Transcribe exactly the lines below that begin at the line with "Yangın nedeniyle metrobüs" and stop after the line with "Among emerging markets", leaving out every picture.

Given data
======
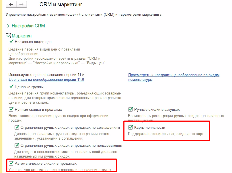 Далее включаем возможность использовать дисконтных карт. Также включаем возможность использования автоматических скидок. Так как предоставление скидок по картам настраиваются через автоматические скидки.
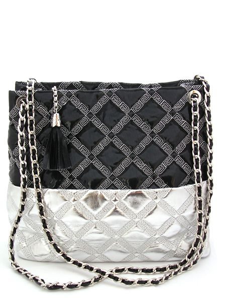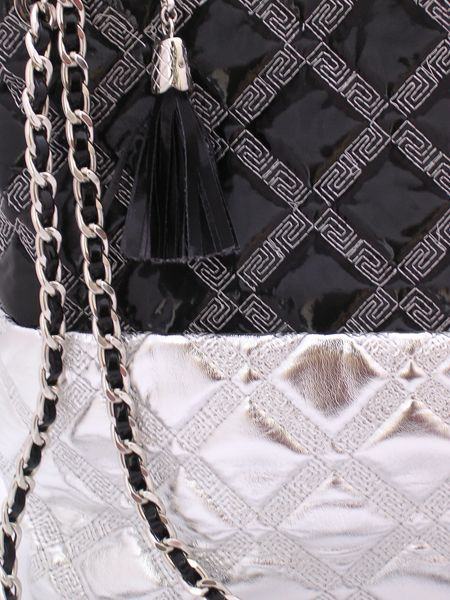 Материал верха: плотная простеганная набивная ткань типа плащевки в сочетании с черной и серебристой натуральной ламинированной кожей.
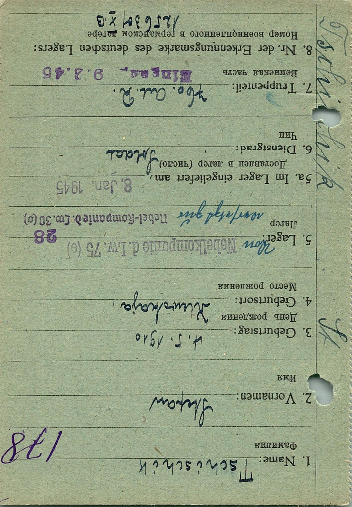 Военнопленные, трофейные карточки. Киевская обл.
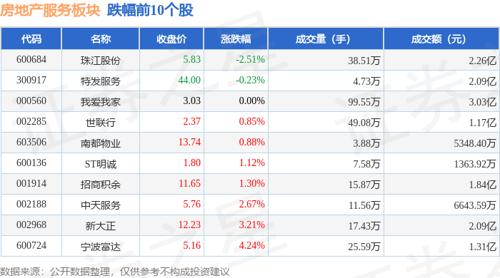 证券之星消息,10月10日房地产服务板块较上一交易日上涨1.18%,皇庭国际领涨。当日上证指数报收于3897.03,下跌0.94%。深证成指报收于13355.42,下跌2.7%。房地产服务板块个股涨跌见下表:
======
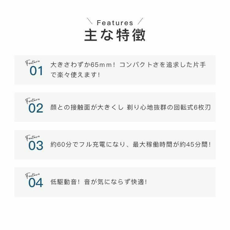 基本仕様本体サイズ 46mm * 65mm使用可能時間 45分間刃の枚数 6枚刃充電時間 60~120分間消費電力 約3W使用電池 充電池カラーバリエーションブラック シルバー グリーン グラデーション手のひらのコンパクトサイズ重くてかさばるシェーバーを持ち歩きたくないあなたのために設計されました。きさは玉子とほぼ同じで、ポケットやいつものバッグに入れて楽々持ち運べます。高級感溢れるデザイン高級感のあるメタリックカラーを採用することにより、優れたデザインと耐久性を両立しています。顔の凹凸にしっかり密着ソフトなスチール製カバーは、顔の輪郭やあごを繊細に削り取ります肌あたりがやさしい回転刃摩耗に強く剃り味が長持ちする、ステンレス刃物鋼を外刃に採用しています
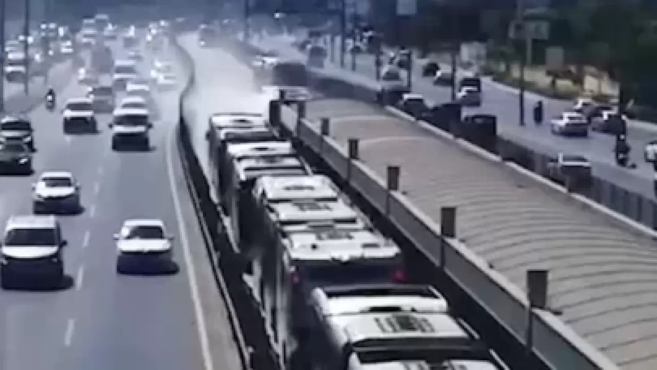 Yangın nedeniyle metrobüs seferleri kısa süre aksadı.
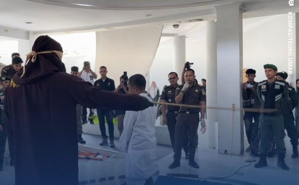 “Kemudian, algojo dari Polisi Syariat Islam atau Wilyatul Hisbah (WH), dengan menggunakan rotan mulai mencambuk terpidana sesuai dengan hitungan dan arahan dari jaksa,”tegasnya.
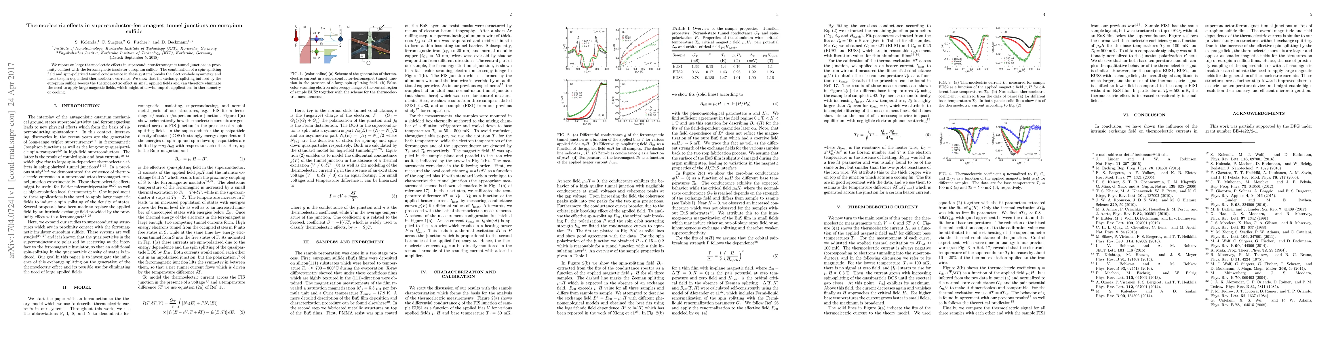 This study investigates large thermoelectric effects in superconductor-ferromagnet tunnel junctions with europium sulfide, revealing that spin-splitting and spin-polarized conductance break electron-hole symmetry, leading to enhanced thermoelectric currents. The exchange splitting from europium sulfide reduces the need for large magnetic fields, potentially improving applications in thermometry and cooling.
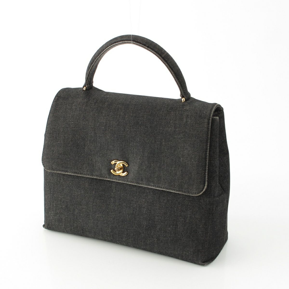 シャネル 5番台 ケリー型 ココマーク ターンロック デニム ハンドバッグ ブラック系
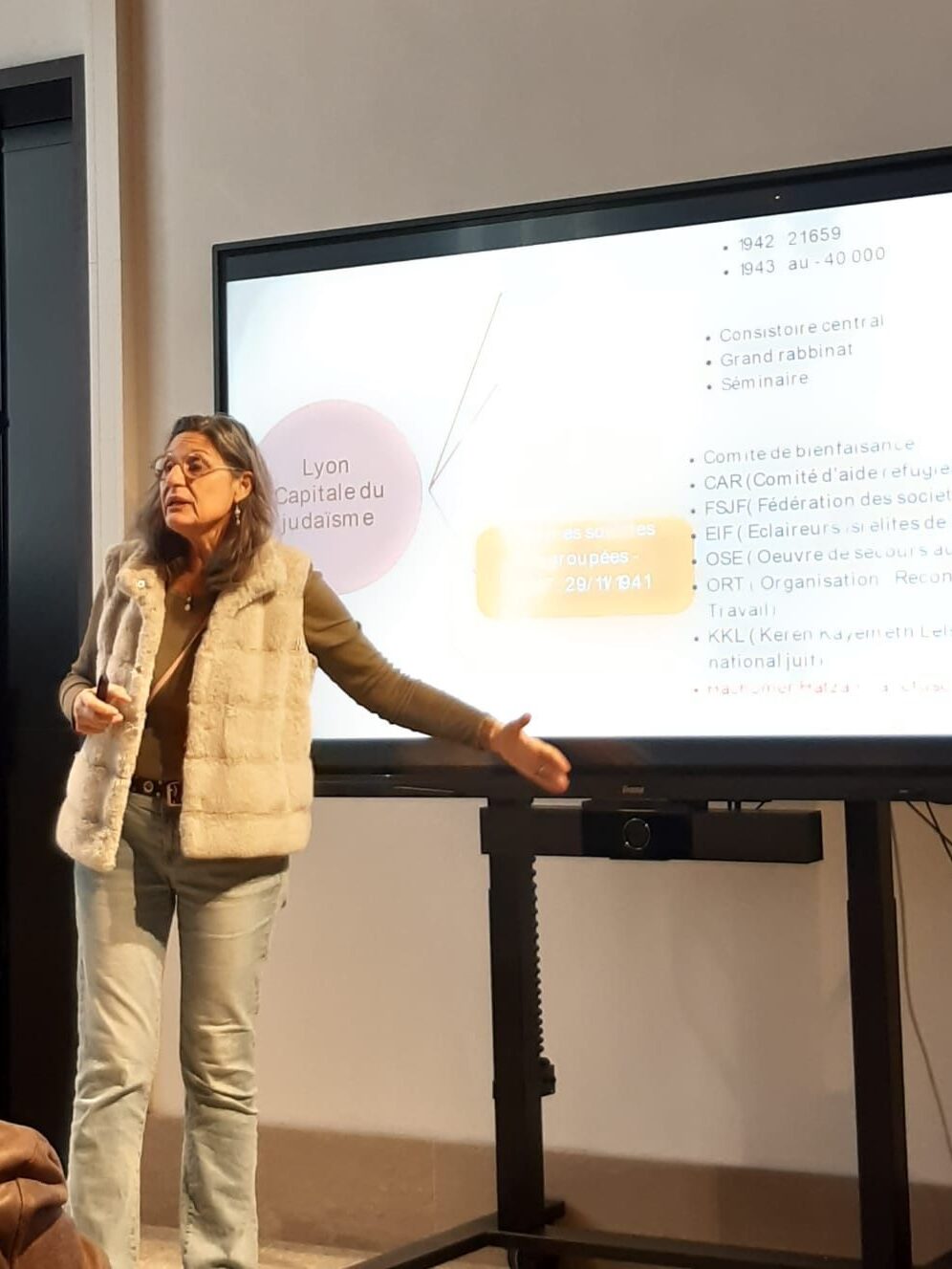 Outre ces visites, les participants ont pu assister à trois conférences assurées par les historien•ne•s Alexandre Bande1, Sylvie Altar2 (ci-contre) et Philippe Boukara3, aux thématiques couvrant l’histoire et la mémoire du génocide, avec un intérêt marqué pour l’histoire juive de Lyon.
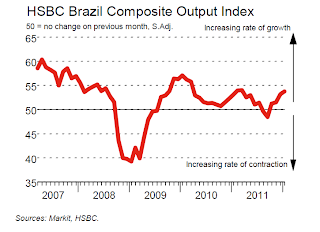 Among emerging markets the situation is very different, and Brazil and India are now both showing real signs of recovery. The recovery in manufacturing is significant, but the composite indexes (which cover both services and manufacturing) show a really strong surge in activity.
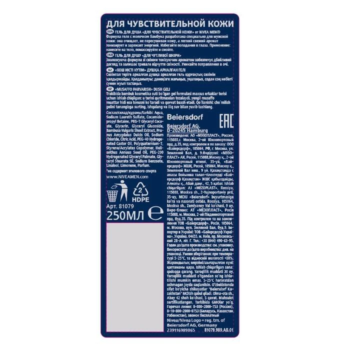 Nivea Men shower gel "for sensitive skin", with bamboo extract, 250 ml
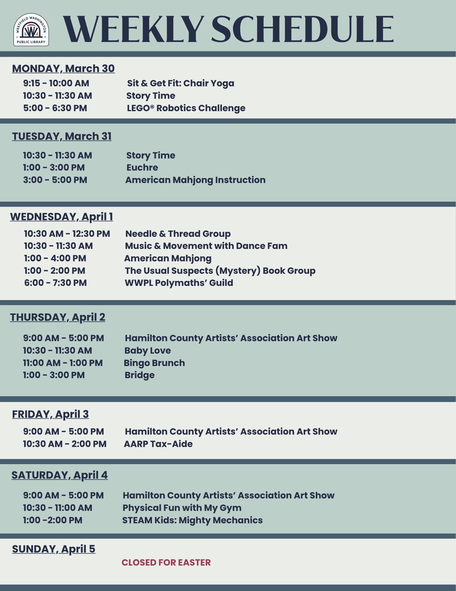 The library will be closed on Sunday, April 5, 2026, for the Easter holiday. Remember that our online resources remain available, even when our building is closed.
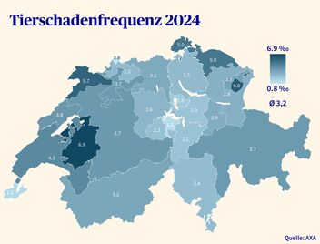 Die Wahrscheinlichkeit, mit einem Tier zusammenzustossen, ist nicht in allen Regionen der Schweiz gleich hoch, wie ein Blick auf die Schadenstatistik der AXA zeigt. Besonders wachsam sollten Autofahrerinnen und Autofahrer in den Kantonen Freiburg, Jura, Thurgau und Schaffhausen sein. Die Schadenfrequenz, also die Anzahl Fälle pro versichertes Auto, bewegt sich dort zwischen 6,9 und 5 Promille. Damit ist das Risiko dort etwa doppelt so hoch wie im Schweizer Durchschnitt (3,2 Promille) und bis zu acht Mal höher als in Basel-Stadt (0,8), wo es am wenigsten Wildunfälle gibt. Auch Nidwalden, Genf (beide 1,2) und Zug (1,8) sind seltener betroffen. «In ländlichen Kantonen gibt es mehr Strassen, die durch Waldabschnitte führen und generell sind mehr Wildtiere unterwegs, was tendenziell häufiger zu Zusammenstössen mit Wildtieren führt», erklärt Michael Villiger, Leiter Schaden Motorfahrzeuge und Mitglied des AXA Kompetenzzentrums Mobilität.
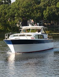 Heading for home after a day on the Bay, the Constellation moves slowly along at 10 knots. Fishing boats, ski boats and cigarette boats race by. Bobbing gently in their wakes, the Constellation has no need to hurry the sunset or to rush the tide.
======
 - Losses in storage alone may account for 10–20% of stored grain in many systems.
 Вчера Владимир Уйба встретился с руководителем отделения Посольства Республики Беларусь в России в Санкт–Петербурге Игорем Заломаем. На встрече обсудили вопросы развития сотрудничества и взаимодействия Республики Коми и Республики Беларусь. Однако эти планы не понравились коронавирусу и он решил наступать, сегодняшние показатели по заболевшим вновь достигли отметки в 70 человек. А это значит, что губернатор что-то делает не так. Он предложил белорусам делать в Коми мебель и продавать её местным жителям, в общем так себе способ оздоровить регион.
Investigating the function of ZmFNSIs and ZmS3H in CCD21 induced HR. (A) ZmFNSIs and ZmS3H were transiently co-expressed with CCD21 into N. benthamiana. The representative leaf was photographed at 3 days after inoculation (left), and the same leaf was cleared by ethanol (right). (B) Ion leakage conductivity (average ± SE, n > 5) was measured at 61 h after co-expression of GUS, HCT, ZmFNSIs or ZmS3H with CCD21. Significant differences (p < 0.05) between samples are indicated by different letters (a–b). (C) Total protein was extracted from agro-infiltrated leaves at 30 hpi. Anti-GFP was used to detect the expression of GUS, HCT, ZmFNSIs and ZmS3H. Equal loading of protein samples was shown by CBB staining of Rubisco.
======
Output for this task
 Yangın nedeniyle metrobüs seferleri kısa süre aksadı.
 “Kemudian, algojo dari Polisi Syariat Islam atau Wilyatul Hisbah (WH), dengan menggunakan rotan mulai mencambuk terpidana sesuai dengan hitungan dan arahan dari jaksa,”tegasnya.
 This study investigates large thermoelectric effects in superconductor-ferromagnet tunnel junctions with europium sulfide, revealing that spin-splitting and spin-polarized conductance break electron-hole symmetry, leading to enhanced thermoelectric currents. The exchange splitting from europium sulfide reduces the need for large magnetic fields, potentially improving applications in thermometry and cooling.
 シャネル 5番台 ケリー型 ココマーク ターンロック デニム ハンドバッグ ブラック系
 Outre ces visites, les participants ont pu assister à trois conférences assurées par les historien•ne•s Alexandre Bande1, Sylvie Altar2 (ci-contre) et Philippe Boukara3, aux thématiques couvrant l’histoire et la mémoire du génocide, avec un intérêt marqué pour l’histoire juive de Lyon.
 Among emerging markets the situation is very different, and Brazil and India are now both showing real signs of recovery. The recovery in manufacturing is significant, but the composite indexes (which cover both services and manufacturing) show a really strong surge in activity.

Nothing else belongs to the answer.